Dans leur étude portant sur un échantillon de 371 lycéens, Lee et al (2006) abordent pour leur part la question du soutien familial perçu et relèvent que la dépression et les idéations suicidaires y sont liées négativement. Ainsi, le fait de se sentir soutenu par sa famille, de pouvoir « parler avec les membres de sa famille d’échecs personnels et penser que

la famille offrira du réconfort »18, protège de la dépression et des idéations suicidaires. De la même manière, Klink et al. (2008) rapportent un lien négatif entre soutien familial et stress académique auprès de 238 étudiants de médecine et qu’ainsi le soutien familial « joue un rôle

clé chez les étudiants en médecine dans l’établissement d’une confiance en leur capacités à faire face aux challenges de la vie académique »19.

Enfin, d’autres études observent également le rôle protecteur du soutien social en provenance des pairs, vis-à-vis du stress et de la dépression.

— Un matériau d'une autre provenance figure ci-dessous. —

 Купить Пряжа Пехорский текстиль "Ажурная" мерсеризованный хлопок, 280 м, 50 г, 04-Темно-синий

Ainsi, Mac Georges et al. (2005), rapportent une association positive entre stress académique et dépression chez des étudiants mais avancent que la communication émotionnelle en terme de soutien affectif tend à diminuer ce lien et serait un facteur protecteur. Ellonen et al. (2008) observent également sur un large échantillon de 95103 adolescents finlandais que ceux rapportant n’ayant jamais perçu de support social étaient 8 fois plus susceptibles de développer une symptomatologie dépressive que les autres. Lin et al. (2008) relèvent pour leur part un lien entre la dépression et le sentiment de diminution de la satisfaction dans le groupe de pairs de l’adolescent.

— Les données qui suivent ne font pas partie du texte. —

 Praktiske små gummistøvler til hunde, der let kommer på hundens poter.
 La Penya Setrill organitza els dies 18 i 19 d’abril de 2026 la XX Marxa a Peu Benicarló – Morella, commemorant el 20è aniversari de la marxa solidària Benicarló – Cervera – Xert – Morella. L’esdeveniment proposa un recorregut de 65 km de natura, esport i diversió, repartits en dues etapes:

17 Traduit de l’anglais 18

75

La partie que nous venons de voir avait donc comme finalité de définir ce qu’est la dépression à l’adolescence. Nous avons également tenté de balayer de la façon la plus exhaustive possible quels en sont les différents déterminismes. Nous nous sommes penchés à cette fin tantôt sur la question des facteurs endogènes, notamment en termes psychodynamique de dépressivité et de dépression adolescente ; tantôt exogènes, et plus particulièrement en nous intéressant à la question du stress chronique scolaire, soit du facteur scolaire vis-à-vis de la dépression à cet âge.